Conversations beyond the Comments Section

In announcing that popularscience.com was shutting off its comments section, online content director Suzanne LaBarre gave readers alternatives. “There are plenty of other ways to talk back to us, and to each other,” she wrote. “Through Twitter, Facebook, Google+, Pinterest, livechats, email, and more.”

Northeastern University’s Dan Kennedy said he is finding that the most interesting comments on his blog post now come not from the comments sections, but from social media. Kennedy has a Facebook account set to “public,” and said, “I post a link back to my blog on Facebook, and I get many more comments and higher-quality comments.”

He speculated as to why.

“Facebook does require real names,” he notes. “And I think people are in a different mood when they’re on Facebook. ‘Here’s a picture of a cat.’ ‘My wife and I just had a nice dinner at a new restaurant.’ People aren’t in sociopathic mode on Facebook.”

Relying on Facebook, however, does give him pause, noting that there are “dangers we don’t even understand in turning over a big part of our platform to a huge corporation that has its own agenda.”

Discussion

  1. Why do you think people are motivated to comment on a blog post?
  2. Discuss which members of the class read comment sections and which don’t.

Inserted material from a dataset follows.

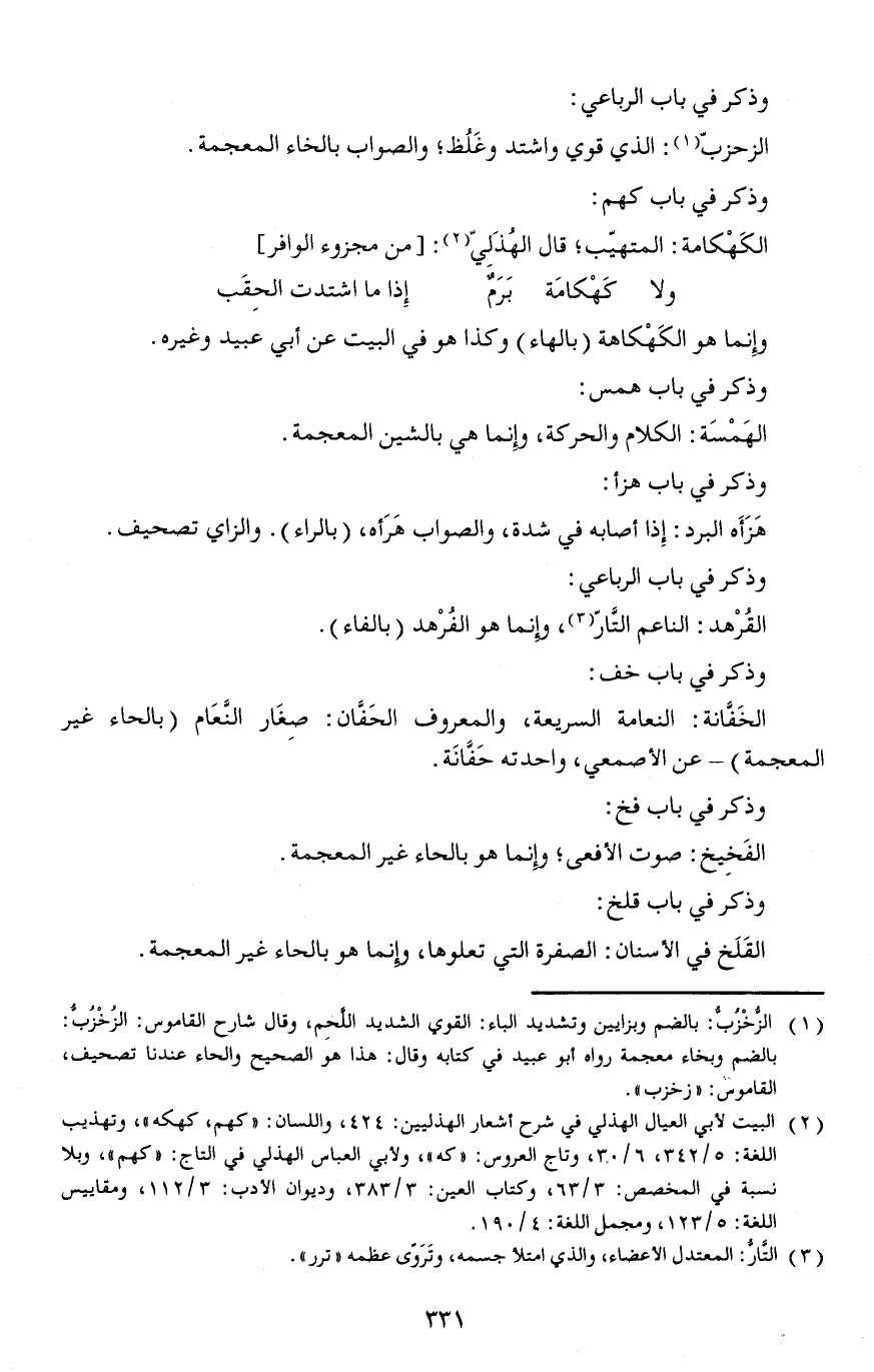 وذكر في باب الرباعي: الزحزب: الذي قوي واشتد وعلظ والصواب بالخاء المعجمة.

Do those who read these sections tend to comment more often?
  3. At the beginning of the chapter, we list five options for managing (or not managing) comments. Divide the class into five groups and assign one option to each. Have each group argue why its option is best.
  4. Review the blog comments on a widely read news blog in your area. Discuss the nature of the comments. Are most useful? Are they inflammatory, intelligent, crude, thoughtful, or all of these?

Exercise

Find five blogs you like about topics in which you are interested. Submit a comment at each, then follow the comments section for several days to see what responses your comment gets.